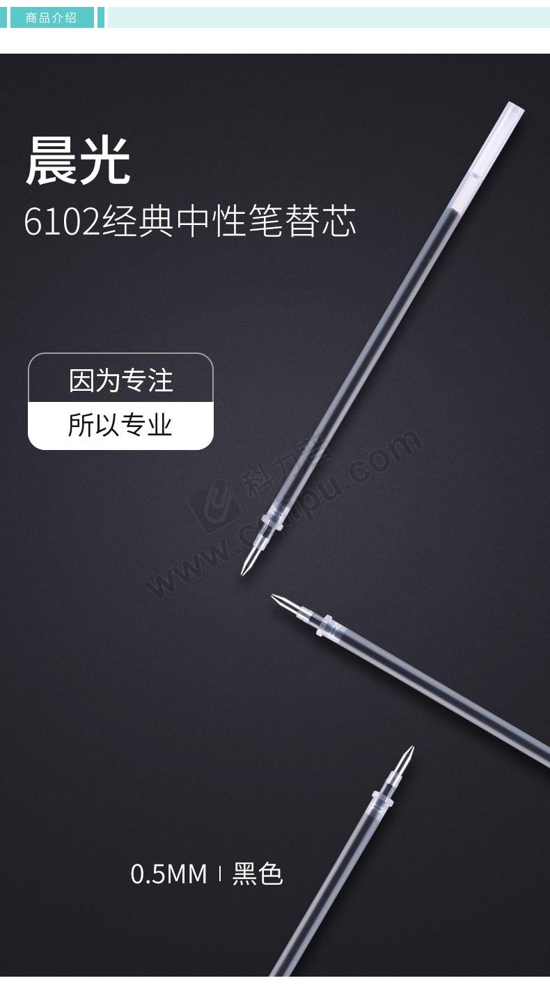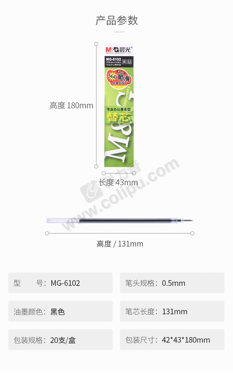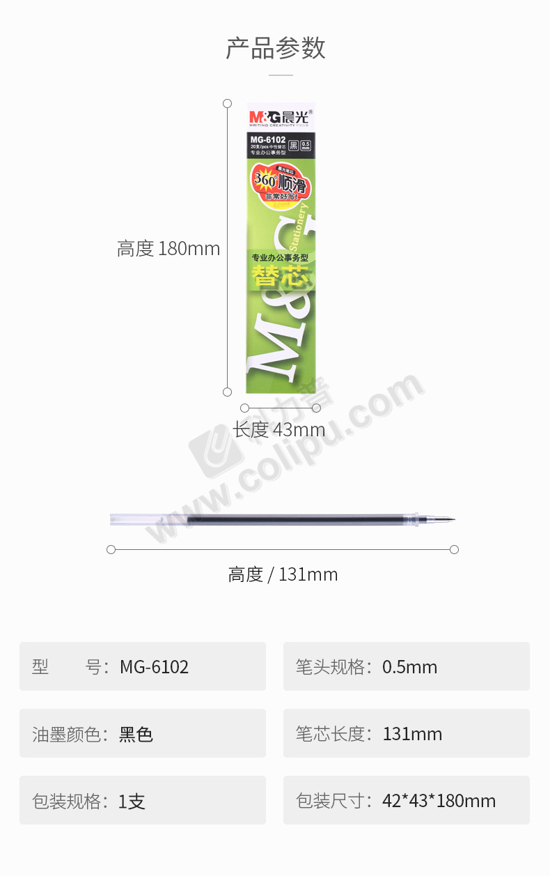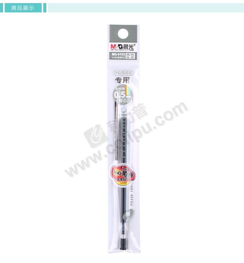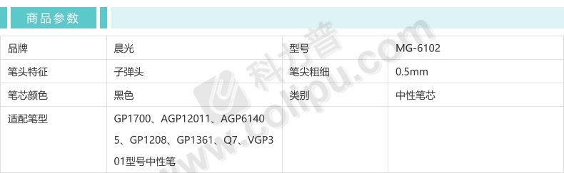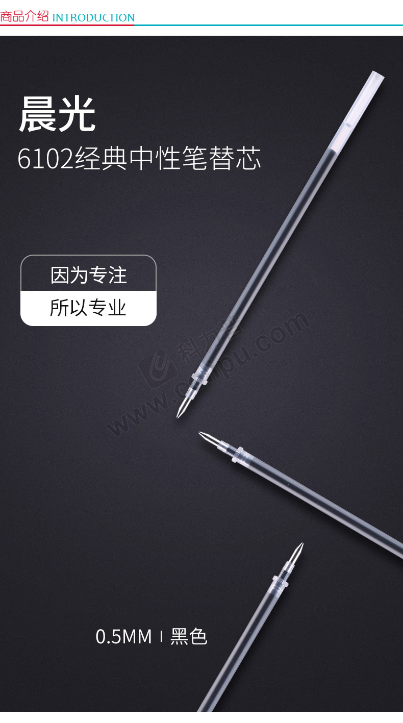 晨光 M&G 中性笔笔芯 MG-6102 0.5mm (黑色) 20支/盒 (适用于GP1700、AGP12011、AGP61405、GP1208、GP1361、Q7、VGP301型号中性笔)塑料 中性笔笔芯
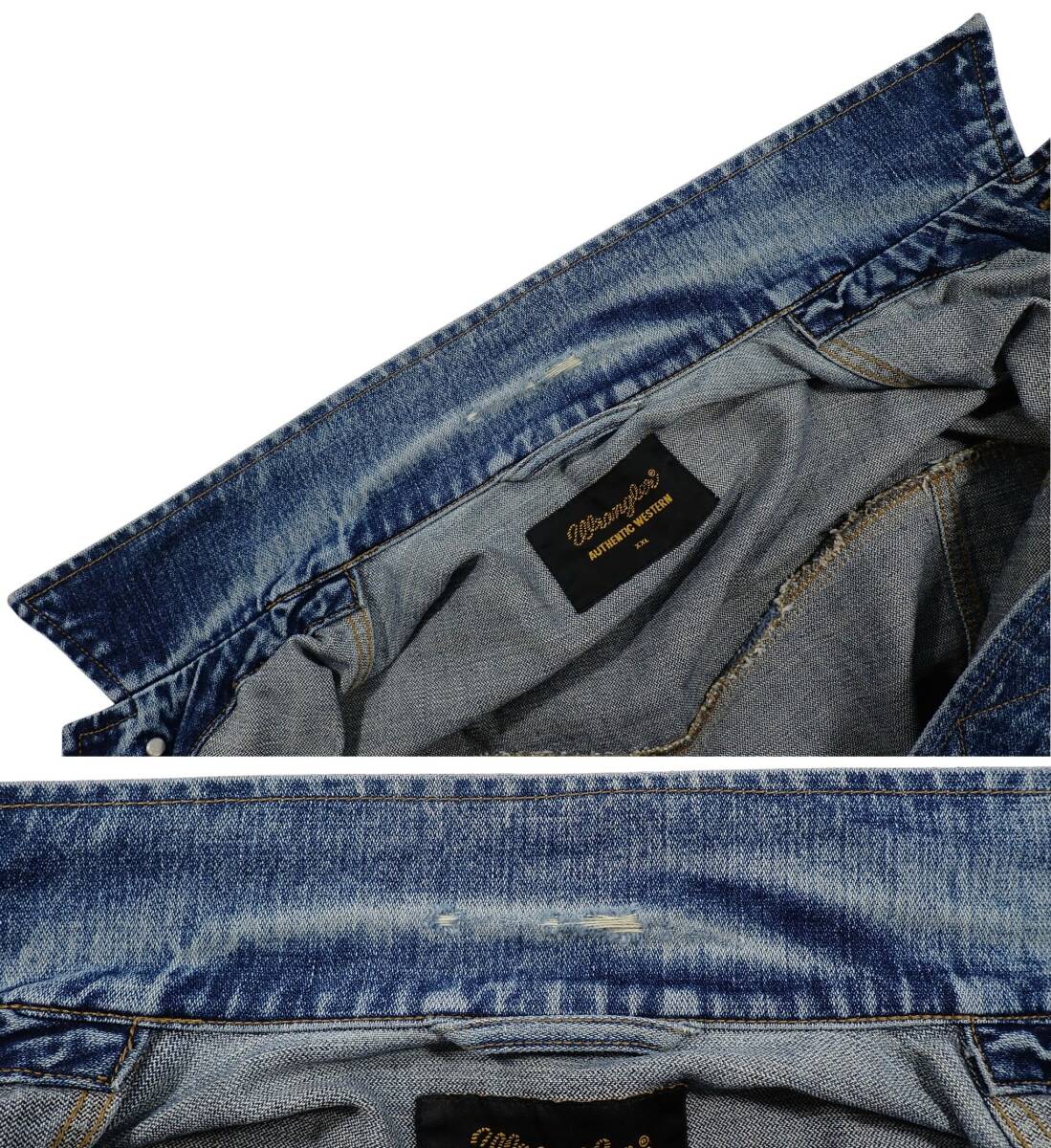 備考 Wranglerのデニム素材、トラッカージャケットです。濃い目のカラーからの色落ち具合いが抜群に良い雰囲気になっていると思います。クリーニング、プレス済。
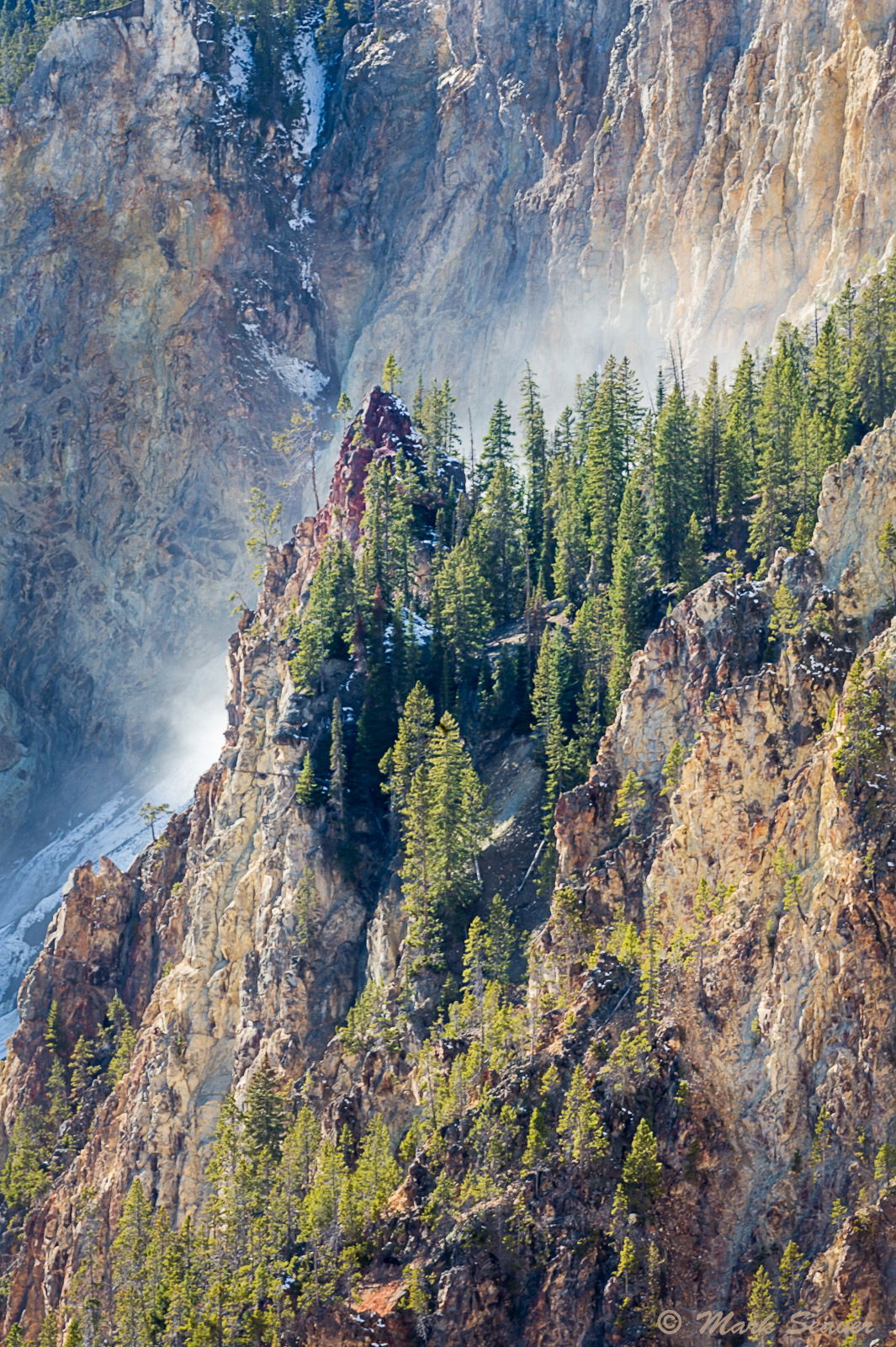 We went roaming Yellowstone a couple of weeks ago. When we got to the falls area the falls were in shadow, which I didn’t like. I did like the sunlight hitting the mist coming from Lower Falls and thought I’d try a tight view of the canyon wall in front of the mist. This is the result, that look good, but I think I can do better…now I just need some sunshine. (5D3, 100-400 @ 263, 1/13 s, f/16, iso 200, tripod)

- _About this task_
Leave the pictures out and output the rest of the listing exactly.

- _Expected output_
 晨光 M&G 中性笔笔芯 MG-6102 0.5mm (黑色) 20支/盒 (适用于GP1700、AGP12011、AGP61405、GP1208、GP1361、Q7、VGP301型号中性笔)塑料 中性笔笔芯
 備考 Wranglerのデニム素材、トラッカージャケットです。濃い目のカラーからの色落ち具合いが抜群に良い雰囲気になっていると思います。クリーニング、プレス済。
 We went roaming Yellowstone a couple of weeks ago. When we got to the falls area the falls were in shadow, which I didn’t like. I did like the sunlight hitting the mist coming from Lower Falls and thought I’d try a tight view of the canyon wall in front of the mist. This is the result, that look good, but I think I can do better…now I just need some sunshine. (5D3, 100-400 @ 263, 1/13 s, f/16, iso 200, tripod)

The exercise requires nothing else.